» DIRECTIONS: Keeping pictures out, repeat the lines of the listing below exactly, starting at its first line and finishing with the one that holds "Ответ на задание".

» MATERIAL SHOWN:
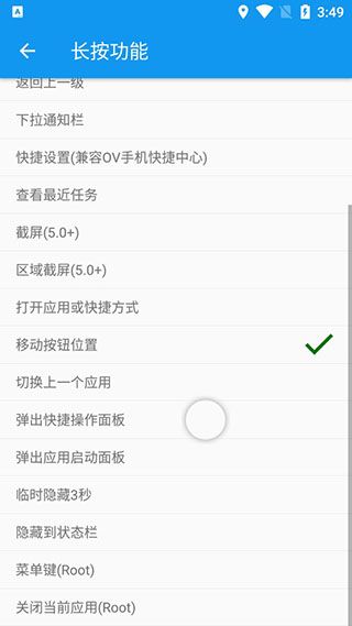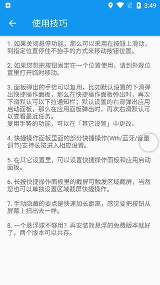 * 快捷操作面板 (包含电源键长按、音量调节、响铃模式调节、Wifi、蓝牙、自动旋转、屏幕常亮)您可以自定义悬浮按钮的外观,同时您也可以通过多种方式来隐藏悬浮按钮。更详细的设置,请参考“外观位置”。
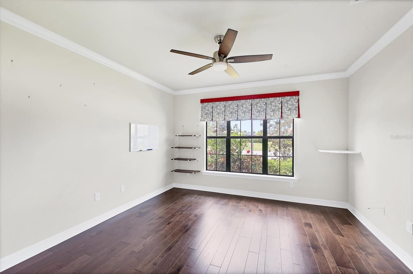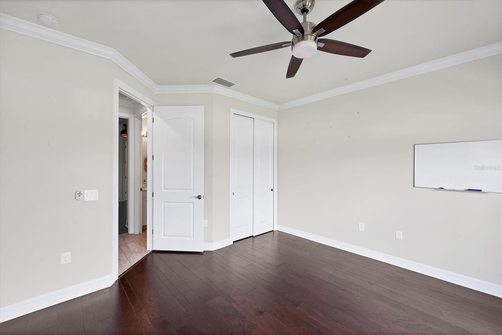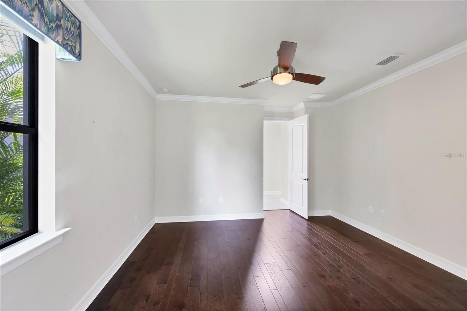 - Ceiling Fan(s), Crown Molding, Eat-in Kitchen, Open Floorplan, Main Level Primary, Solid Surface Counters, Solid-Wood Cabinets, Split Bedrooms, Stone Counters, Thermostat, Walk-In Closet(s), Window Treatments
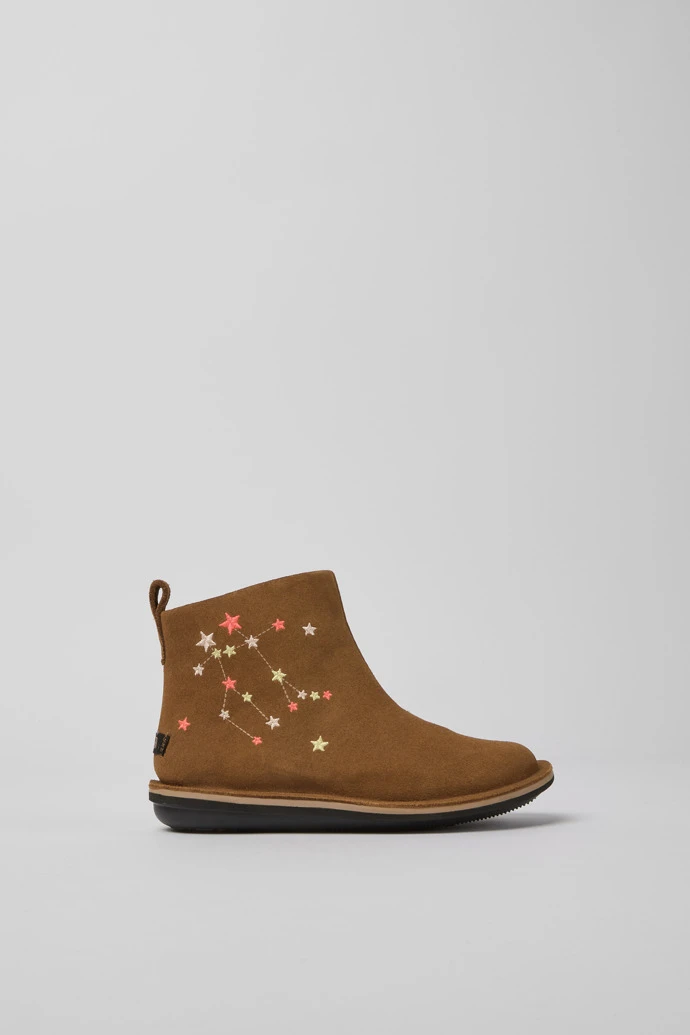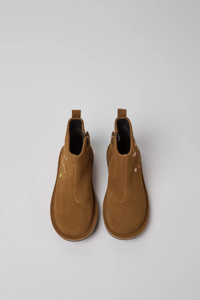 Brown nubuck boots for kids with zip closing system and EVA outsole.
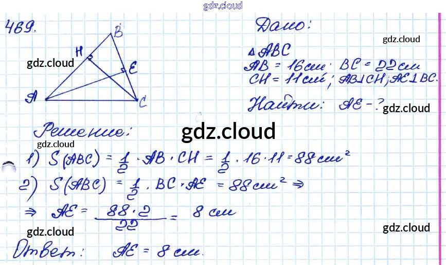 Ответ на задание 469 Учебник Геометрия за 7, 8, 9 (седьмой, восьмой, девятый) класс Атанасян, Бутузов, Кадомцев 2010
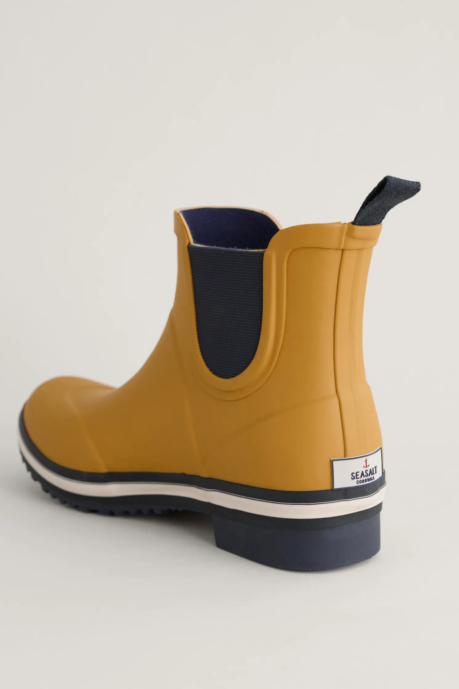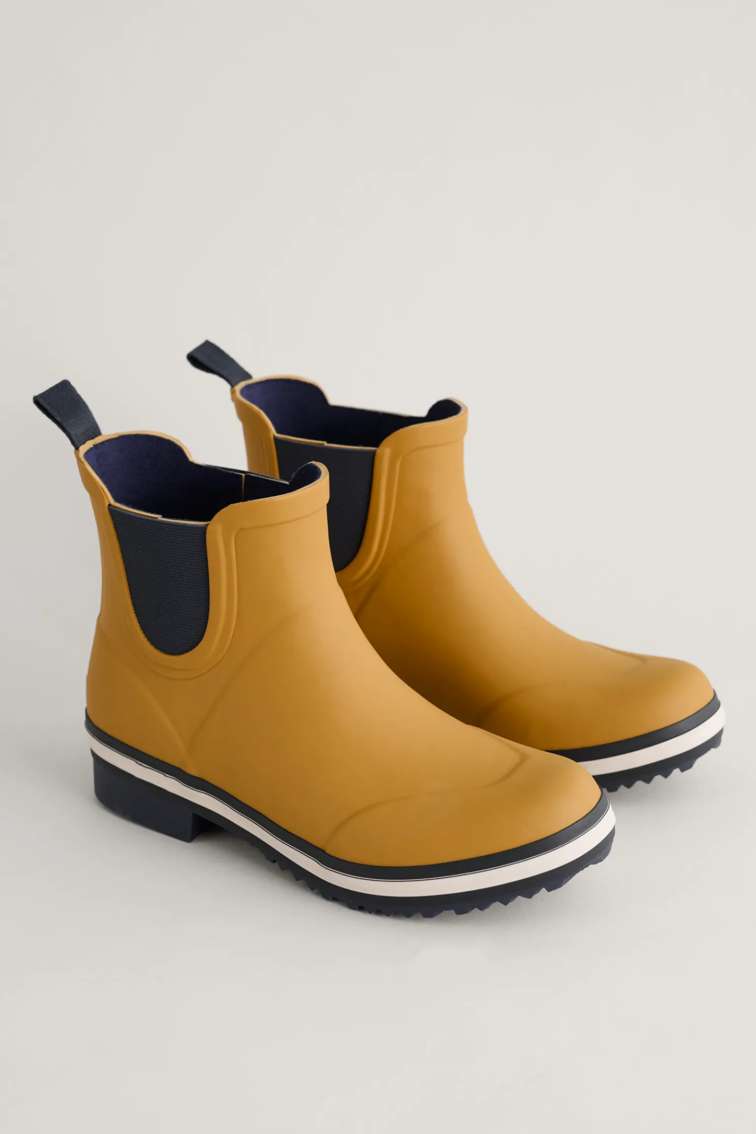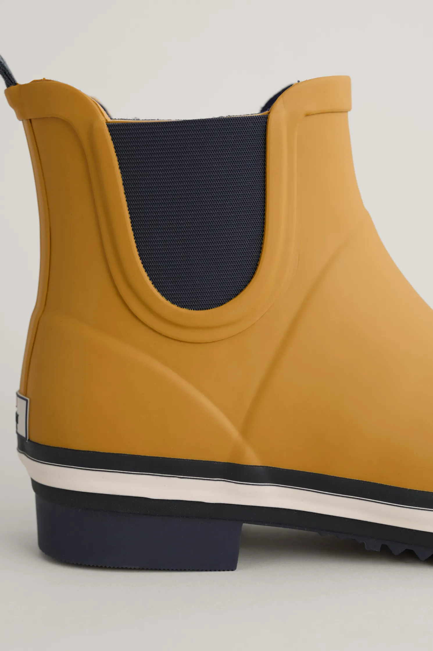 Chelsea-Style Short Welly Boots With A Comfortable Fit, Deep Insole And Easy-On Design. The Contrasting Elastic Panel, Pull Loop And Sole Stripe Add A Stylish Touch. The Grippy Tread Is Ready For Slippy Mud And Summer Storms.

» WRITTEN SOLUTION:
 * 快捷操作面板 (包含电源键长按、音量调节、响铃模式调节、Wifi、蓝牙、自动旋转、屏幕常亮)您可以自定义悬浮按钮的外观,同时您也可以通过多种方式来隐藏悬浮按钮。更详细的设置,请参考“外观位置”。
 - Ceiling Fan(s), Crown Molding, Eat-in Kitchen, Open Floorplan, Main Level Primary, Solid Surface Counters, Solid-Wood Cabinets, Split Bedrooms, Stone Counters, Thermostat, Walk-In Closet(s), Window Treatments
 Brown nubuck boots for kids with zip closing system and EVA outsole.
 Ответ на задание 469 Учебник Геометрия за 7, 8, 9 (седьмой, восьмой, девятый) класс Атанасян, Бутузов, Кадомцев 2010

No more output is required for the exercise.